Bayesian Machine Learning
ORIE 6741

Fall 2016

Course Information

Title: Bayesian Machine Learning
Course Number: ORIE 6741
Semester: Fall 2016
Times: Tu/Th 11:40 am - 12:55 pm
Room:
Rhodes Hall 571  (changed from Hollister Hall 320)

Course Syllabus [PDF]
 
Instructor

Andrew Gordon Wilson
Assistant Professor
Rhodes Hall 235
Website: https://people.orie.cornell.edu/andrew
E-Mail: andrew@cornell.edu
Office Hours: Tuesday 4:00 pm - 5:00 pm, or by appointment

Overview

To answer scientific questions, and reason about data, we must build models and perform inference within those models.  But how should we approach model construction and inference to make the most successful predictions?  How do we represent uncertainty and prior knowledge?  How flexible should our models be?  Should we use a single model, or multiple different models?  Should we follow a different procedure depending on how much data are available?

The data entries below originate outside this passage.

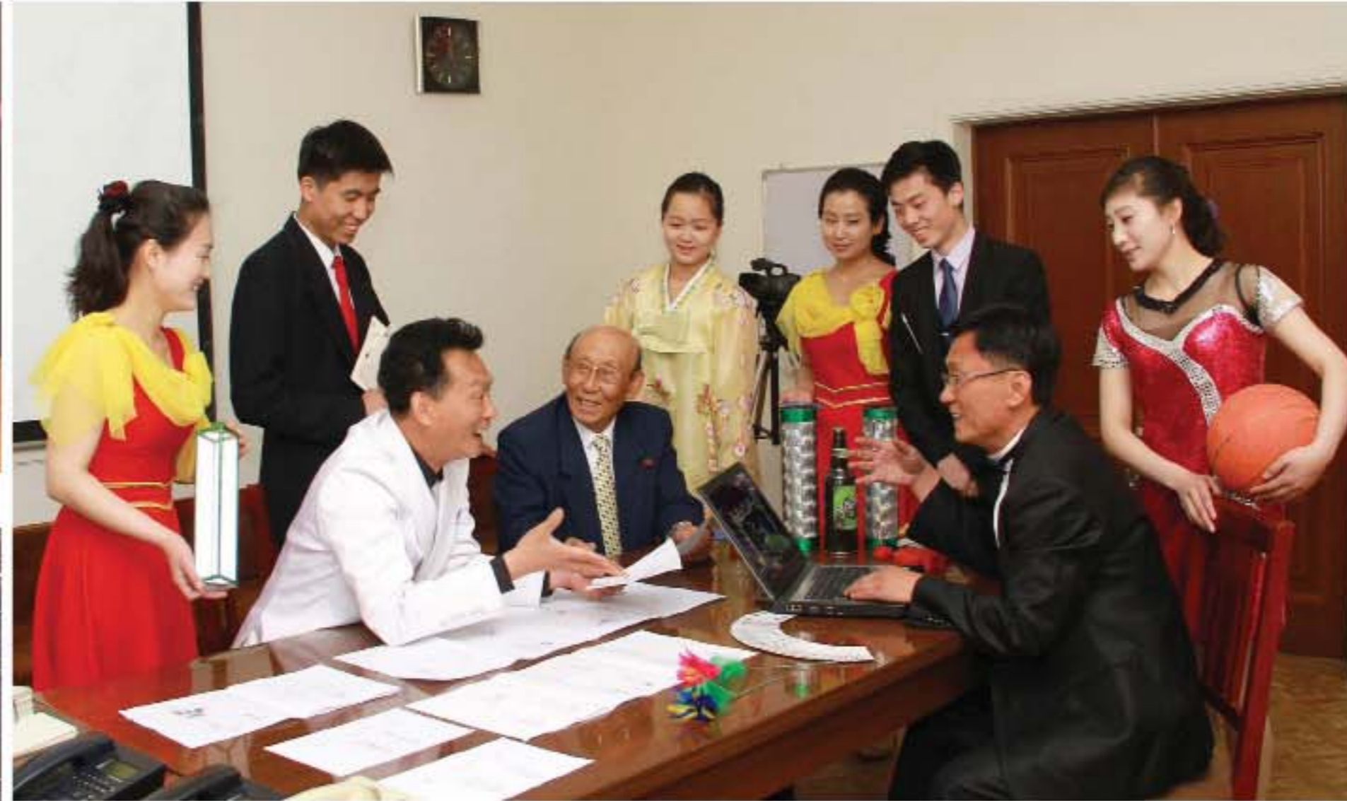
Lively discussion about new magic art pieces

The National Acrobatic Troupe of the Democratic People's Republic of Korea has three famous magicians, father and his two sons, who have made a considerable contribution to the development of magic art of the country.
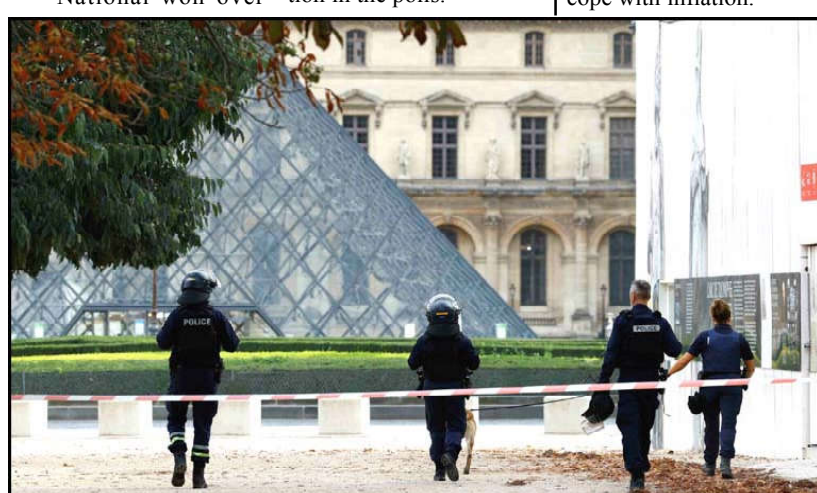
French police officers patrol in front of the Louvre museum, closed for security reasons, in Paris, as French government puts the nation on its highest state of alert after a deadly knife attack in northern France.

won 34% of the vote in the first round. She has said she would bring back the popular social spending that characterized Correa's decade in power, pledging free medicine, increased worker protections and direct aid to those in need. She also has promised to use $2.5 billion from international reserves to shore up the economy. Noboa, also an ex-lawmaker who has promised job creation - especially for young people - was a surprise entrant to the run-off, winning 23% in the first round. He is the son of multimillionaire banana magnate Alvaro Noboa, who himself ran unsuccessfully for president numerous times. Outgoing President Guillermo Lasso called the election early to avoid impeachment on charges he disregarded warnings of embezzlement related to a contract at a state company. He has denied the charges. The winner will govern only between December and May 2025, when the victor of regularly scheduled elections will take office.
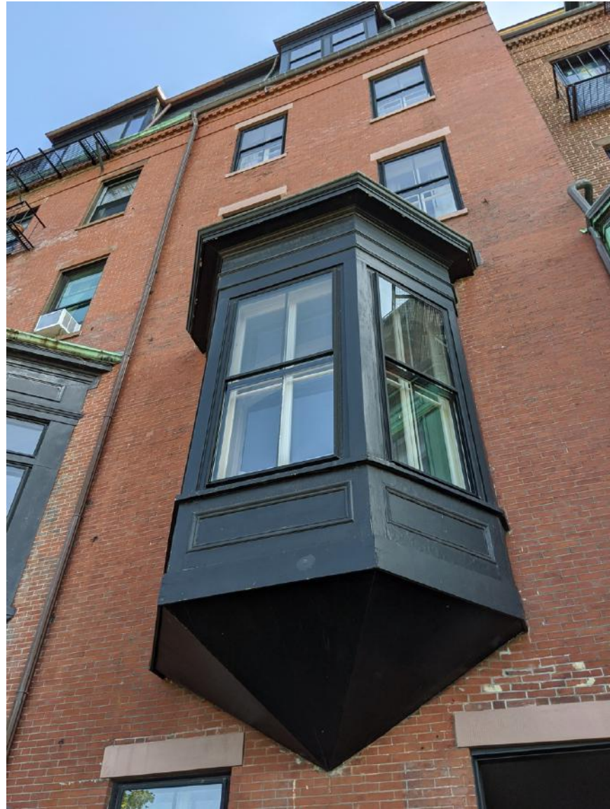
existing oriole, wood exterior painted black
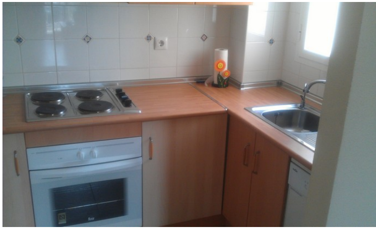
The kitchen. There are all the needed equipment.
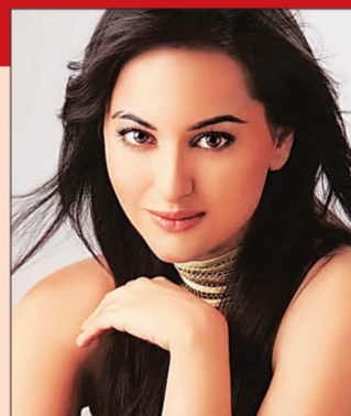
Actor Sonakshi Sinha topped the search for the fastest rising Bollywood celebrities
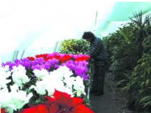
Maintenance and care of internal plants used for functions, including the 'Mayor-Making' ceremony

We are in exciting times with success coming from the enthusiasm and commitment of all our staff – especially those on the ground – in producing a job we can be really proud of.
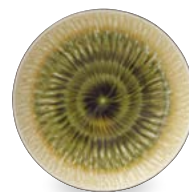
512 67 008 5.0丸皿 D-16 H-2.1 ¥850
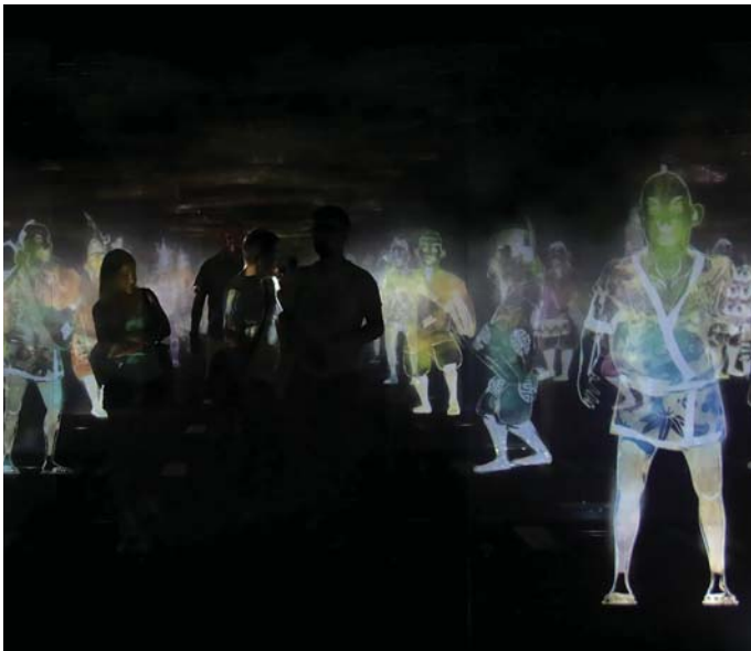
'Peace Can Be Realized Even Without Order' is an interactive digital installation by teamLab. The installation commemorates the peace that is gradually restored with time after conflict. Holographic figures play instruments and dance, affected by the sounds coming from neighboring holograms. When a visitor moves toward the installation, the figures respond by pausing their performance.

As a national capital, Washington is a place of collective memory. The wealth of monuments sited throughout the city take on heightened significance as they reflect relationships among nations, of national remembrance, and of many important events and figures in our history. Often the traditional and fixed nature of memorial design does not allow for adaptation and redefinition over time, or encourage more than one interpretation of a given narrative.
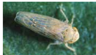
Rose leafhopper adult
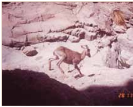
Fig. 7 and 8 Evidence of the occurrence of Arabian tahr in the Shumayliyah Mountains of the UAE. The image on the left is the single photograph obtained from a live sighting of tahr in Wadi Wurrayha. The image on the right is one of the 13 photographs of tahr obtained by camera traps during the Shumayliya Mountain survey carried out by the BCEAW between June 2000 and January 2002.

moisture requirements from prey (Skinner & Smithers 1990), some prey species occurring in the UAE, such as the tahr, are water dependant. Water could therefore be considered a limiting factor for the occurrence of Arabian leopard.
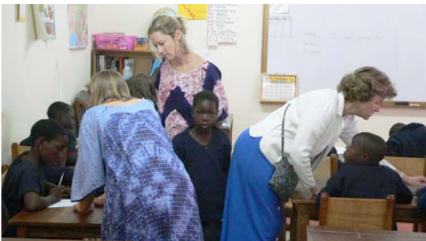
MINI MISSIONARIES HELPING IN THE CLASSROOM

Teachers arrive at 7:30 every morning. Then it is off to the classroom to be sure that everything is in order before returning to the staff room for prayer. The prayers offered reflect the heart desire of our teachers for the students to be successful and well behaved and that we, as teachers, will reflect the love of Christ to them.
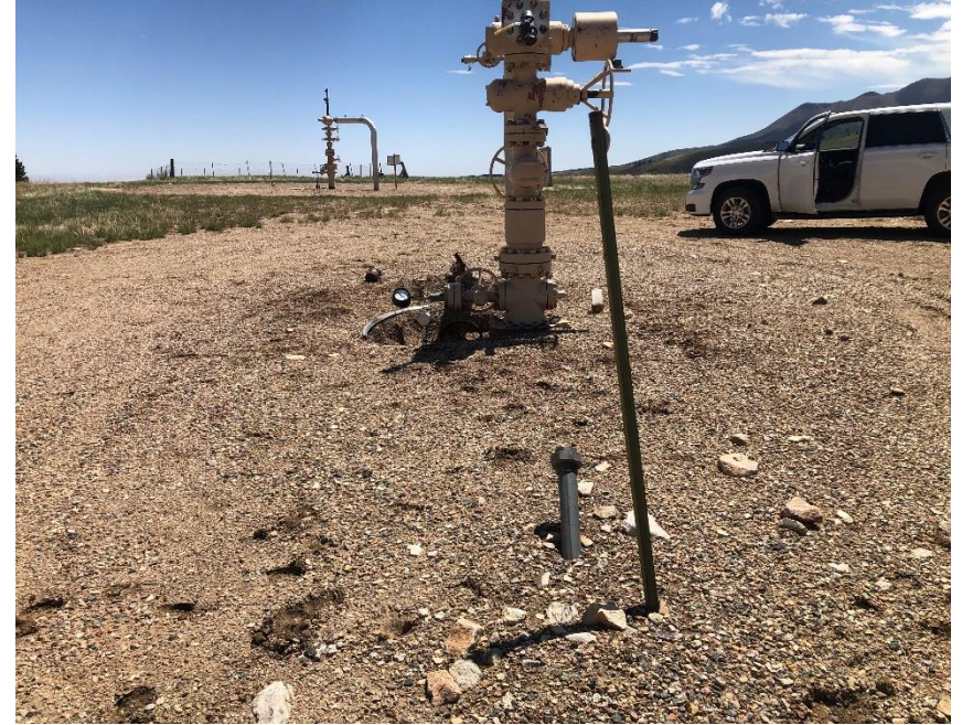
SHEEP MOUNTAIN UNIT 7-35-L (Api 05-055-06106) Unused riser.
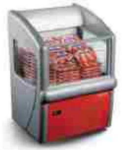
Freezer Box X2
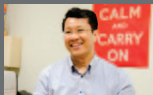
The Makings of History
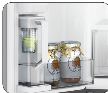
AutoFill Water Pitcher

Fingerprint Resistant Black Stainless Steel
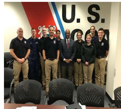
USCG Sector Boston
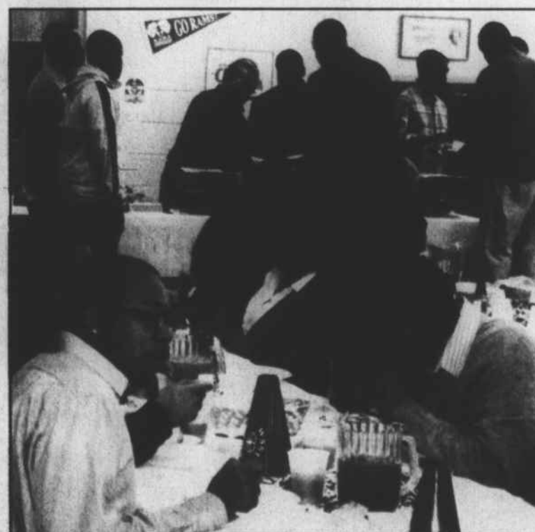
Students enjoy the post-service meal.
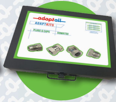
PLUGS & CAPS KOMATSU
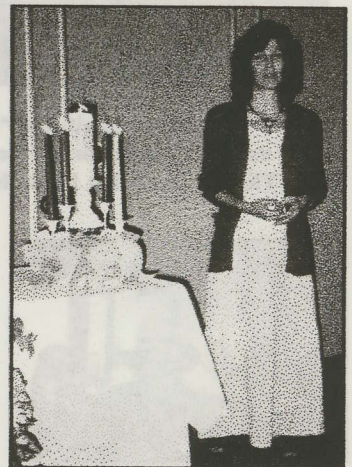
Rosie: "I just love you, guys!"
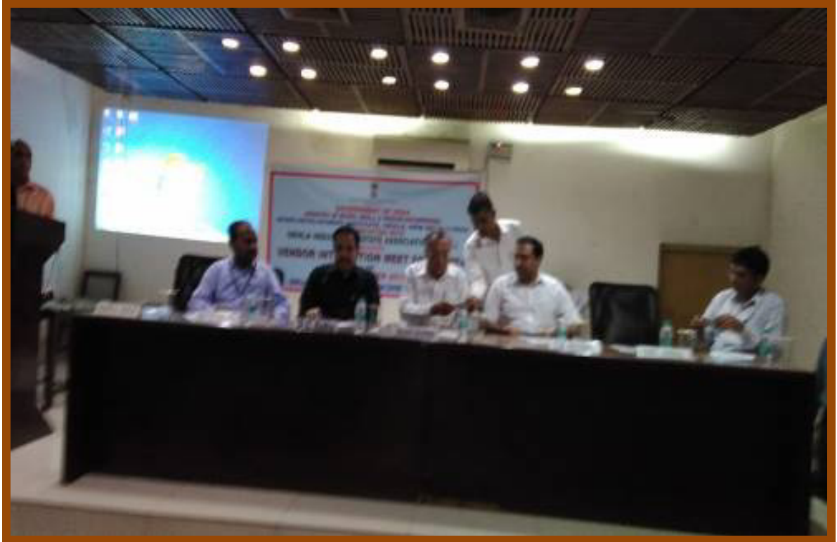
Dignitaries at Dias during Vendor Interaction Meet on 11.10.18
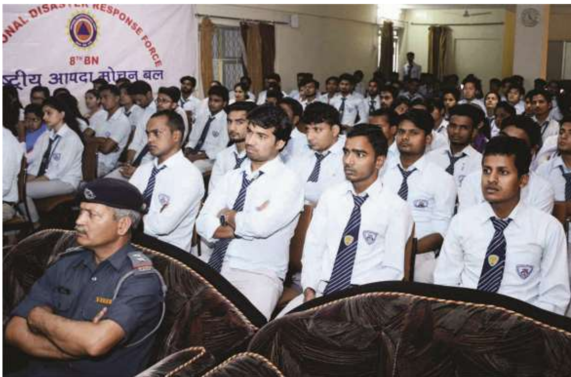
Students participating in NDRF Workshop on Crisis Management.
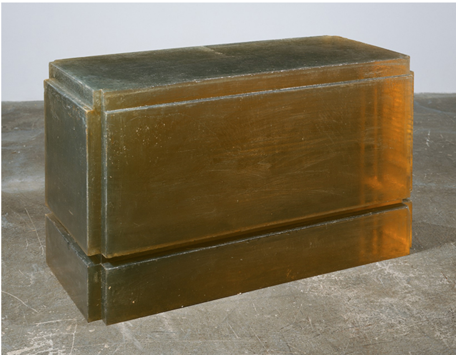
Untitled (Table) / Rachel Whiteread / 1993 / Resin

In the early to mid-1980s Whiteread studied painting at Brighton Polytechnic, although towards the end of her degree she was already moving away from two-dimensions. “I couldn’t make things stay on the wall,” she recalled, “they always ended up on the floor.” Her tutor, British artist Richard Wilson, taught her how to make casts from ordinary objects including a humble spoon, which opened her eyes to the technique’s transformative potential.
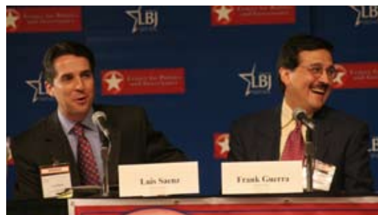
The Center launched with its inaugural conference, "The Future is Now: The Hispanic Impact on American Politics and Government."
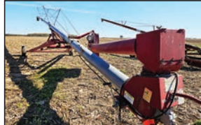
10x62 Hutchinson swing away auger , 540 pto, SN: 924652

In this course, we will approach these fundamental questions from a Bayesian perspective.  From this perspective, we wish to faithfully incorporate all of our beliefs into a model, and represent uncertainty over these beliefs, using probability distributions.  Typically, we believe the real world is in a sense infinitely complex: we will always be able to add flexibility to a model to gain better performance.  If we are performing character recognition, for instance, we can always account for some additional writing styles for greater predictive success.  We should therefore aim to maximize flexibility, so that we are capable of expressing any hypothesis we believe to be possible.  For inference, we will not have a priori certainty that any one hypothesis has generated our observations.  We therefore typically wish to weight an uncountably infinite space of hypotheses by their posterior probabilities.  This Bayesian model averaging procedure has no risk of overfitting, no how matter how flexible our model.  How we distribute our a priori support over these different hypotheses determines our inductive biases.  In short, a model should distribute its support across as wide a range of hypotheses as possible, and have inductive biases which are aligned to particular applications.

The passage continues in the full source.